Blockstream / greenlight

Build apps using self-custodial lightning nodes in the cloud
https://blockstream.github.io/greenlight/getting-started/
MIT License
114 stars 27 forks source link

Unable to send/receive #92

Closed roeierez closed 1 year ago

roeierez commented 1 year ago

logs attached. I have one waiting close channel and one opened channel. Several seconds after the node starts it disconnects from the remote peer. I see this in the logs:

node-logs: UNUSUAL 02c811e575be2df47d8b48dab3d3f1c9b0f6e16d0d40b5ed78253308fc2bd7170d-chan#2: Peer permanent failure in AWAITING_UNILATERAL: Fulfilled HTLC 4 SENT_REMOVE_HTLC cltv 776491 hit deadline

c_breez.1.log

cdecker commented 1 year ago

At first I thought it might be because of the recent dual-funding spec change, which made the option_anchor_outputs not be a requirement of option_dual_funding. This caused some pre-22.11 nodes to drop a connection in case we advertise option_dual_funding but not option_anchor_outputs. However in that case we wouldn't get a re-establish, and the disconnect would be immediate, not delayed.

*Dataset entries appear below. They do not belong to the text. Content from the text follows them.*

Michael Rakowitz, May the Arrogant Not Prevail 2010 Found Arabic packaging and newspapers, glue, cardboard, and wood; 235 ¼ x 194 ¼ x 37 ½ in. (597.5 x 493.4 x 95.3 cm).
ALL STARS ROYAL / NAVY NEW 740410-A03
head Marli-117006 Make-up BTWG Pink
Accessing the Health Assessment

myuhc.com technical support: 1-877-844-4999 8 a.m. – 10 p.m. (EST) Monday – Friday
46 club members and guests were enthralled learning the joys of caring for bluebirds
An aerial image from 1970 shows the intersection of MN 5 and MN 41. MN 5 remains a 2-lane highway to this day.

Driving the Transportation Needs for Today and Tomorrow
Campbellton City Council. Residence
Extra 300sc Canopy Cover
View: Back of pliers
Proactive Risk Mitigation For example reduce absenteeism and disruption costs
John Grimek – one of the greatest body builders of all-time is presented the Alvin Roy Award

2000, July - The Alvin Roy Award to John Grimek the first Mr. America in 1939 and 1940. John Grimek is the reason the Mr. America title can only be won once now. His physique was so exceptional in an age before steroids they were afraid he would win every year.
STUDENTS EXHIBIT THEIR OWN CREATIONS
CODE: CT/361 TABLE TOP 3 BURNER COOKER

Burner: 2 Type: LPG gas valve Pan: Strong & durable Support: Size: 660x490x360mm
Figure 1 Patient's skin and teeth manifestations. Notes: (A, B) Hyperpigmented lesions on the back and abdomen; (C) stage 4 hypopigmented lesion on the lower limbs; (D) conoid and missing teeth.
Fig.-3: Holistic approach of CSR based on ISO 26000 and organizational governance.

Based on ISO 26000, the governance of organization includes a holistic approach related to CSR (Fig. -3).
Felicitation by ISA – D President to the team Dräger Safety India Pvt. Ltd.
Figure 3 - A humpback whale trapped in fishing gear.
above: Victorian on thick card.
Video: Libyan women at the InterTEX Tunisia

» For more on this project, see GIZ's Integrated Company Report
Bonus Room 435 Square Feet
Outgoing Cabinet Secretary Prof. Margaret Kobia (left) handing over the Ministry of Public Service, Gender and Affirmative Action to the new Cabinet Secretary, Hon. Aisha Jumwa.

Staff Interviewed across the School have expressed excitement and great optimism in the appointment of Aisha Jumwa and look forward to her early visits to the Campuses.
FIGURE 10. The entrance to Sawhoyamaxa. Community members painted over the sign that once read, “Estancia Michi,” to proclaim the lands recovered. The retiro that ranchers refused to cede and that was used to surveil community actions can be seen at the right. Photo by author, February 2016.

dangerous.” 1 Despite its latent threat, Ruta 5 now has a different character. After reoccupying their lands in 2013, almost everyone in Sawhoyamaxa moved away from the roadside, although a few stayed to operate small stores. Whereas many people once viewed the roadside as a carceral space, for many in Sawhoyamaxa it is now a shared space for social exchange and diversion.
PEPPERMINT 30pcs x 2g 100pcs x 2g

I found the following lines in the raw session log:

2023-02-22T11:51:50+01:00 {} stderr: [2023-02-22T10:51:50Z DEBUG gl_subdaemon::gossipd] Peer has disconnected: 02c811e575be2df47d8b48dab3d3f1c9b0f6e16d0d40b5ed78253308fc2bd7170d
2023-02-22T11:51:50+01:00 {} stderr: [2023-02-22T10:51:50Z ERROR gl_signerproxy::hsmproxy] Connection lost
2023-02-22T11:51:50+01:00 {} stderr: [2023-02-22T10:51:50Z WARN  gl_signerproxy::hsmproxy] hsmproxy stopped processing requests with error: processing requests
2023-02-22T11:51:50+01:00 {} stdout: DEBUG   02c811e575be2df47d8b48dab3d3f1c9b0f6e16d0d40b5ed78253308fc2bd7170d-connectd: Last ping unreturned: hanging up
2023-02-22T11:51:50+01:00 {} stdout: INFO    02c811e575be2df47d8b48dab3d3f1c9b0f6e16d0d40b5ed78253308fc2bd7170d-channeld-chan#3: Peer connection lost
2023-02-22T11:51:50+01:00 {} stdout: INFO    02c811e575be2df47d8b48dab3d3f1c9b0f6e16d0d40b5ed78253308fc2bd7170d-chan#3: Peer transient failure in CHANNELD_NORMAL: channeld: Owning subdaemon channeld died (62208)
2023-02-22T11:51:50+01:00 {} stdout: DEBUG   02c811e575be2df47d8b48dab3d3f1c9b0f6e16d0d40b5ed78253308fc2bd7170d-connectd: destroy_subd: 1 subds, to_peer conn (nil), read_to_die = 1
2023-02-22T11:51:50+01:00 {} stdout: DEBUG   02c811e575be2df47d8b48dab3d3f1c9b0f6e16d0d40b5ed78253308fc2bd7170d-connectd: peer_conn_closed
2023-02-22T11:51:50+01:00 {} stdout: DEBUG   02c811e575be2df47d8b48dab3d3f1c9b0f6e16d0d40b5ed78253308fc2bd7170d-lightningd: peer_disconnect_done

This sounds like the peer (LSP?) isn't replying to pings, which is unexpected. Any chance we can corroborate that with logs from the other side?

cdecker commented 1 year ago

I'll also attach the raw logs, so we can better relate the two. breez-session.log

cdecker commented 1 year ago

We are also hunting down an issue with the VLS signer that may be related: https://gitlab.com/lightning-signer/validating-lightning-signer/-/issues/248

It sounds like the LDK library is validating a field that we aren't considering (sighash flag of the signature) since we must enforce a specific value anyway, so we just overwrite it, rather than validating it. Symptoms are that the signer logs an error (RUST_LOG=glclient=debug should show it), and there is a pending HSM request on the server that never gets resolved.

I'm mentioning this here because I have seen an HTLC being stuck because we couldn't sign off on the next state due to this missing sighash flag.

cdecker commented 1 year ago

Looking into this further it looks like it is not the VLS signer checking the sighash flag, but rather the spec change to make option_anchor_outputs not a dependency anymore. I think that's the case because we see the signer attach at 11:50:45, and we never get the detach log message, and we get requests being streamed throughout the life of the node. On the other hand we send an error: Awaiting unilateral close because we have one channel closing. I wonder if a channel mixup is to blame here :thinking: I'll try to reproduce this in isolation on CLN, but chances are such a mixup would be fixed in CLN v22.11 already.